▶ [TASK INSTRUCTIONS] Line by line, print the records exactly, and keep images out of the copy.

Segment Start: INFORMATION SUPPLIED

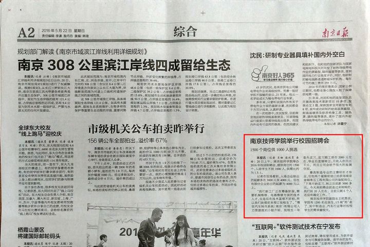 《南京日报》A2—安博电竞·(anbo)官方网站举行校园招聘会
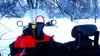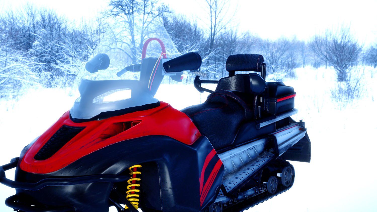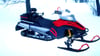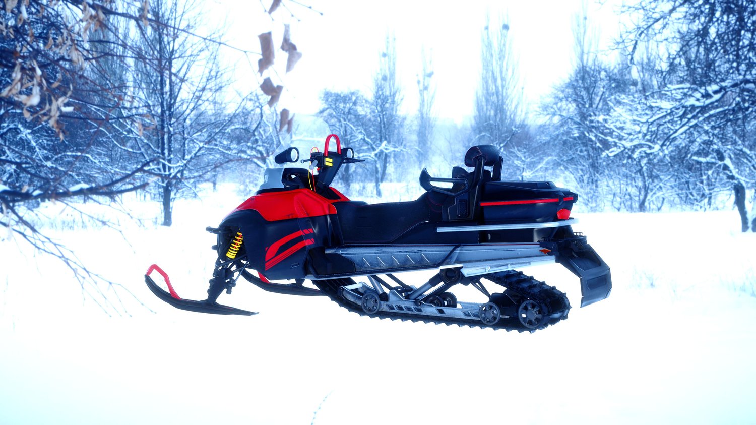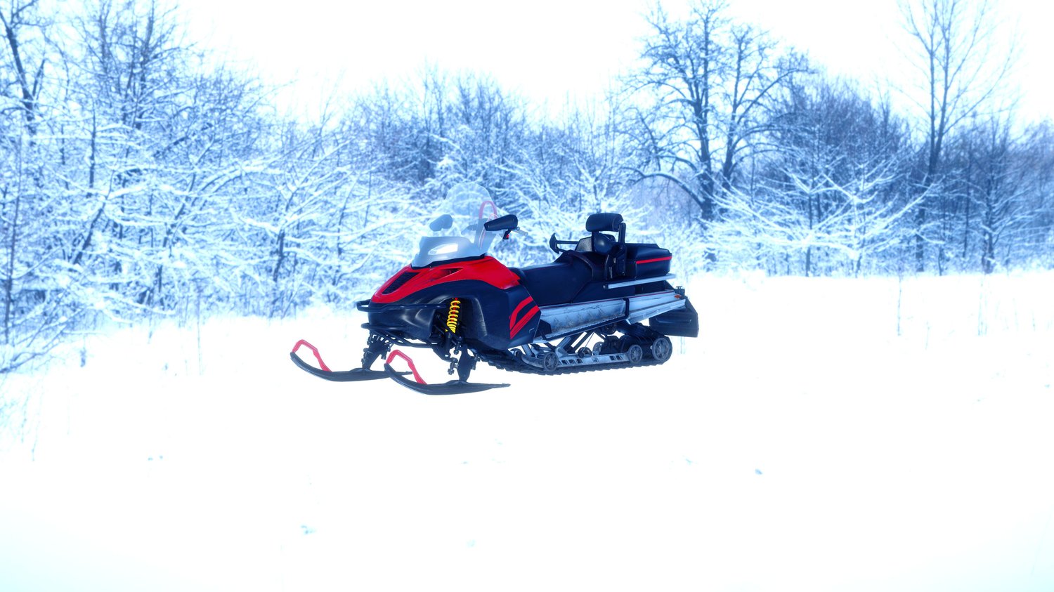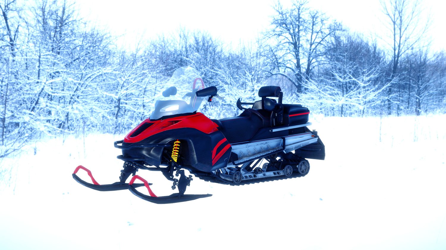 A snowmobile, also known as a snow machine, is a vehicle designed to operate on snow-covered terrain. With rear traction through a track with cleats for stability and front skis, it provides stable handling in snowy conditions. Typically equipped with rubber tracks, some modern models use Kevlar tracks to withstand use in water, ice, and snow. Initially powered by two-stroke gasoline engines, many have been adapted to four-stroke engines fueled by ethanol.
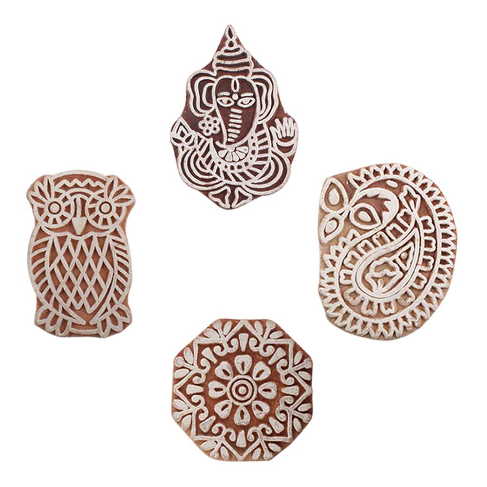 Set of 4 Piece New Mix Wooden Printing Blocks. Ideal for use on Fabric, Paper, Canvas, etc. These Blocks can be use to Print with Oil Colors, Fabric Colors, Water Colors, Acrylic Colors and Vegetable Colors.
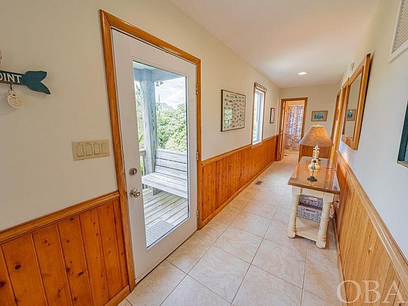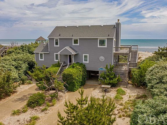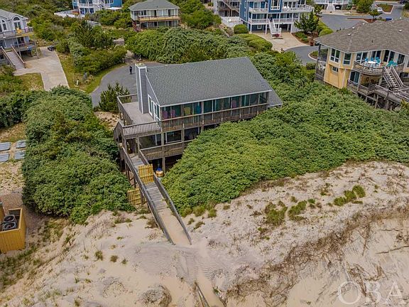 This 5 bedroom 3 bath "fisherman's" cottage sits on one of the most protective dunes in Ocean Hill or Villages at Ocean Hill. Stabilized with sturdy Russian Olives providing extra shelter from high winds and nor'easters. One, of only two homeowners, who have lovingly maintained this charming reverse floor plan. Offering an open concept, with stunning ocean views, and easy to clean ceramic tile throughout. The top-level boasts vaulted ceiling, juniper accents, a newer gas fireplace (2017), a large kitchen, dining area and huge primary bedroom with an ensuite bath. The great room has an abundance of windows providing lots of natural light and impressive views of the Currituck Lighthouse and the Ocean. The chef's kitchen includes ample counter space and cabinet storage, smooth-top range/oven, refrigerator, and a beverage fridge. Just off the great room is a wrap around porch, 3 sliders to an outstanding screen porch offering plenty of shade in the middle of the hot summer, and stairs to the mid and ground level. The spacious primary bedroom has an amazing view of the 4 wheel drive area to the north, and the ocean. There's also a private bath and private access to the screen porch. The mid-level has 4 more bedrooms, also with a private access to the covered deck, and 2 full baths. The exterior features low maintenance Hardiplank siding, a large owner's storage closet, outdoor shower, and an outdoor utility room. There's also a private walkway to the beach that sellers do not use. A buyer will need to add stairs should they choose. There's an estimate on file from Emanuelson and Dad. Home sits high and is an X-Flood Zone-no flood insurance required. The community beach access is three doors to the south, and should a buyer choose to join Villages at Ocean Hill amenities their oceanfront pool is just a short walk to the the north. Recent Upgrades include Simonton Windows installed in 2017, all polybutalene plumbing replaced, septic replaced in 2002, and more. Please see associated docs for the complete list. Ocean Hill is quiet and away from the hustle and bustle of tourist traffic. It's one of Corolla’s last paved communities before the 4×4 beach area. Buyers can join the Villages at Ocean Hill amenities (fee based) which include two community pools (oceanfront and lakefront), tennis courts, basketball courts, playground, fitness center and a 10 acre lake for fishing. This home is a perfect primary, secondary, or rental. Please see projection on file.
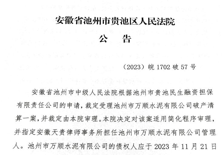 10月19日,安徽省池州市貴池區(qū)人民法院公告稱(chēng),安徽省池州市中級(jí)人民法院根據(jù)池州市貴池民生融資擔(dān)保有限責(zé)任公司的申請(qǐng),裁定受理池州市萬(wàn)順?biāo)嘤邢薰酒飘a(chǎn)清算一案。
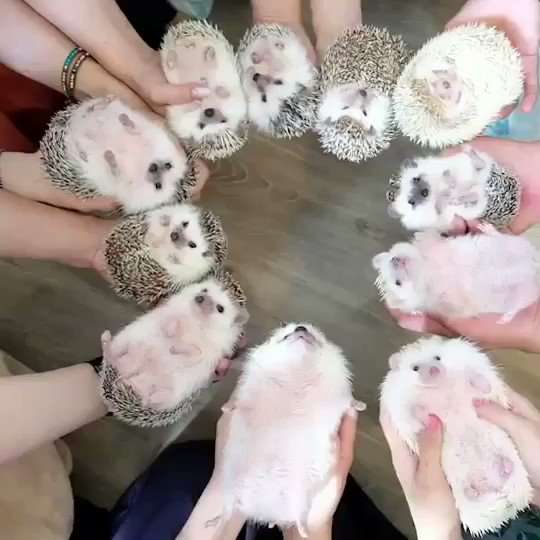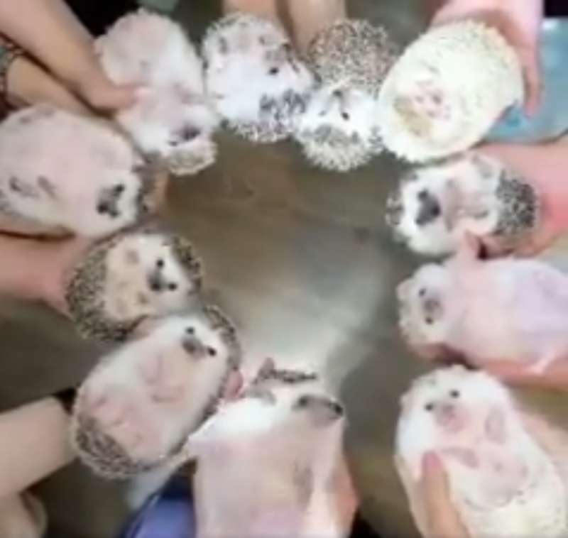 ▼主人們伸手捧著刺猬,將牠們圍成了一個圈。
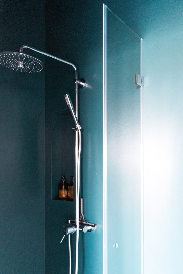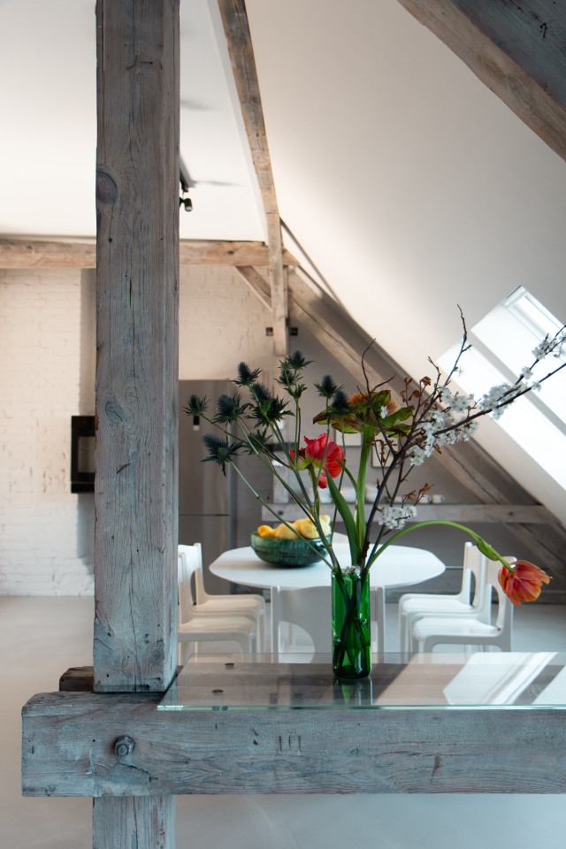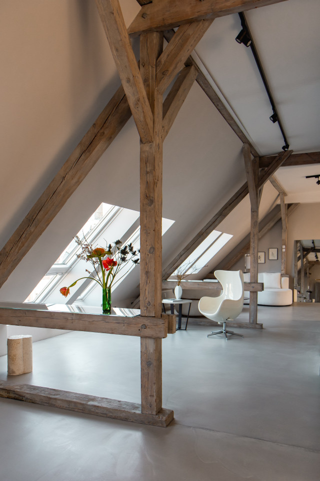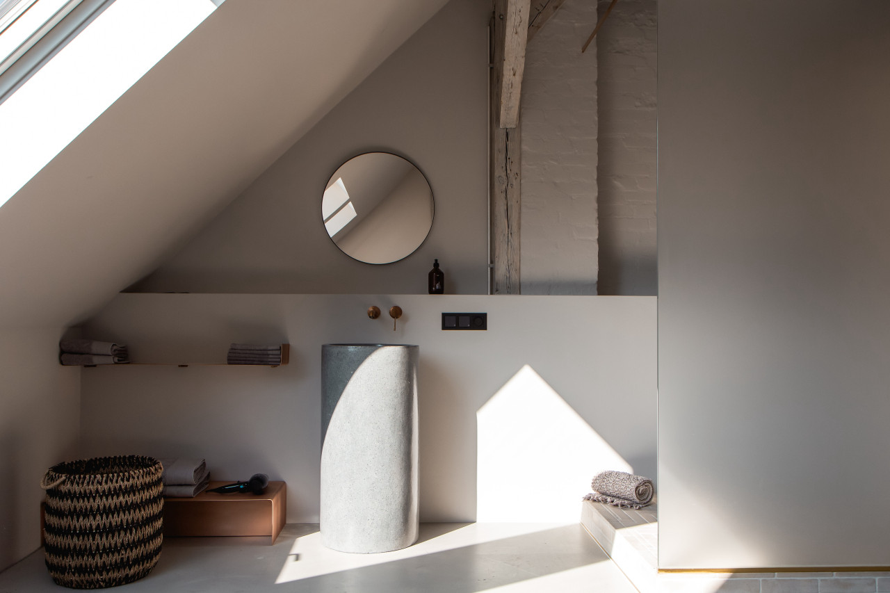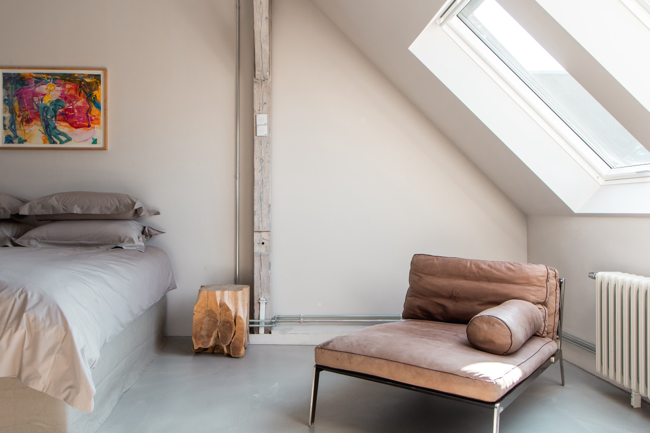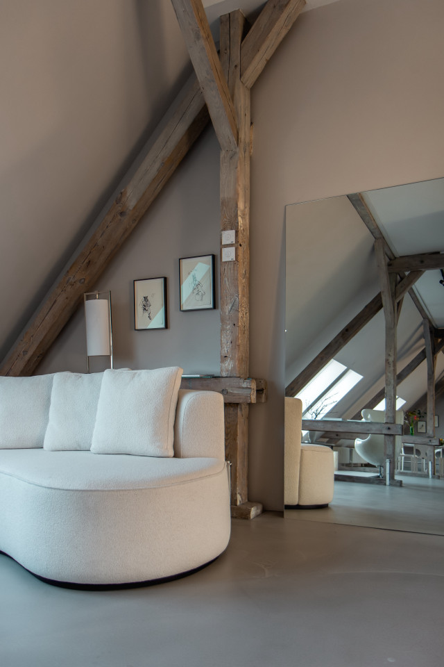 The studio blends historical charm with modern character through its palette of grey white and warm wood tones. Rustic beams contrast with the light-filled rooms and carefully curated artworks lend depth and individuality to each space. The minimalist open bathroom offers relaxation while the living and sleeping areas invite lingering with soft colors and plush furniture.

Segment End: INFORMATION SUPPLIED

▶ [SOLUTION TO THE PROBLEM]
 《南京日报》A2—安博电竞·(anbo)官方网站举行校园招聘会
 A snowmobile, also known as a snow machine, is a vehicle designed to operate on snow-covered terrain. With rear traction through a track with cleats for stability and front skis, it provides stable handling in snowy conditions. Typically equipped with rubber tracks, some modern models use Kevlar tracks to withstand use in water, ice, and snow. Initially powered by two-stroke gasoline engines, many have been adapted to four-stroke engines fueled by ethanol.
 Set of 4 Piece New Mix Wooden Printing Blocks. Ideal for use on Fabric, Paper, Canvas, etc. These Blocks can be use to Print with Oil Colors, Fabric Colors, Water Colors, Acrylic Colors and Vegetable Colors.
 This 5 bedroom 3 bath "fisherman's" cottage sits on one of the most protective dunes in Ocean Hill or Villages at Ocean Hill. Stabilized with sturdy Russian Olives providing extra shelter from high winds and nor'easters. One, of only two homeowners, who have lovingly maintained this charming reverse floor plan. Offering an open concept, with stunning ocean views, and easy to clean ceramic tile throughout. The top-level boasts vaulted ceiling, juniper accents, a newer gas fireplace (2017), a large kitchen, dining area and huge primary bedroom with an ensuite bath. The great room has an abundance of windows providing lots of natural light and impressive views of the Currituck Lighthouse and the Ocean. The chef's kitchen includes ample counter space and cabinet storage, smooth-top range/oven, refrigerator, and a beverage fridge. Just off the great room is a wrap around porch, 3 sliders to an outstanding screen porch offering plenty of shade in the middle of the hot summer, and stairs to the mid and ground level. The spacious primary bedroom has an amazing view of the 4 wheel drive area to the north, and the ocean. There's also a private bath and private access to the screen porch. The mid-level has 4 more bedrooms, also with a private access to the covered deck, and 2 full baths. The exterior features low maintenance Hardiplank siding, a large owner's storage closet, outdoor shower, and an outdoor utility room. There's also a private walkway to the beach that sellers do not use. A buyer will need to add stairs should they choose. There's an estimate on file from Emanuelson and Dad. Home sits high and is an X-Flood Zone-no flood insurance required. The community beach access is three doors to the south, and should a buyer choose to join Villages at Ocean Hill amenities their oceanfront pool is just a short walk to the the north. Recent Upgrades include Simonton Windows installed in 2017, all polybutalene plumbing replaced, septic replaced in 2002, and more. Please see associated docs for the complete list. Ocean Hill is quiet and away from the hustle and bustle of tourist traffic. It's one of Corolla’s last paved communities before the 4×4 beach area. Buyers can join the Villages at Ocean Hill amenities (fee based) which include two community pools (oceanfront and lakefront), tennis courts, basketball courts, playground, fitness center and a 10 acre lake for fishing. This home is a perfect primary, secondary, or rental. Please see projection on file.
 10月19日,安徽省池州市貴池區(qū)人民法院公告稱(chēng),安徽省池州市中級(jí)人民法院根據(jù)池州市貴池民生融資擔(dān)保有限責(zé)任公司的申請(qǐng),裁定受理池州市萬(wàn)順?biāo)嘤邢薰酒飘a(chǎn)清算一案。
 ▼主人們伸手捧著刺猬,將牠們圍成了一個圈。
 The studio blends historical charm with modern character through its palette of grey white and warm wood tones. Rustic beams contrast with the light-filled rooms and carefully curated artworks lend depth and individuality to each space. The minimalist open bathroom offers relaxation while the living and sleeping areas invite lingering with soft colors and plush furniture.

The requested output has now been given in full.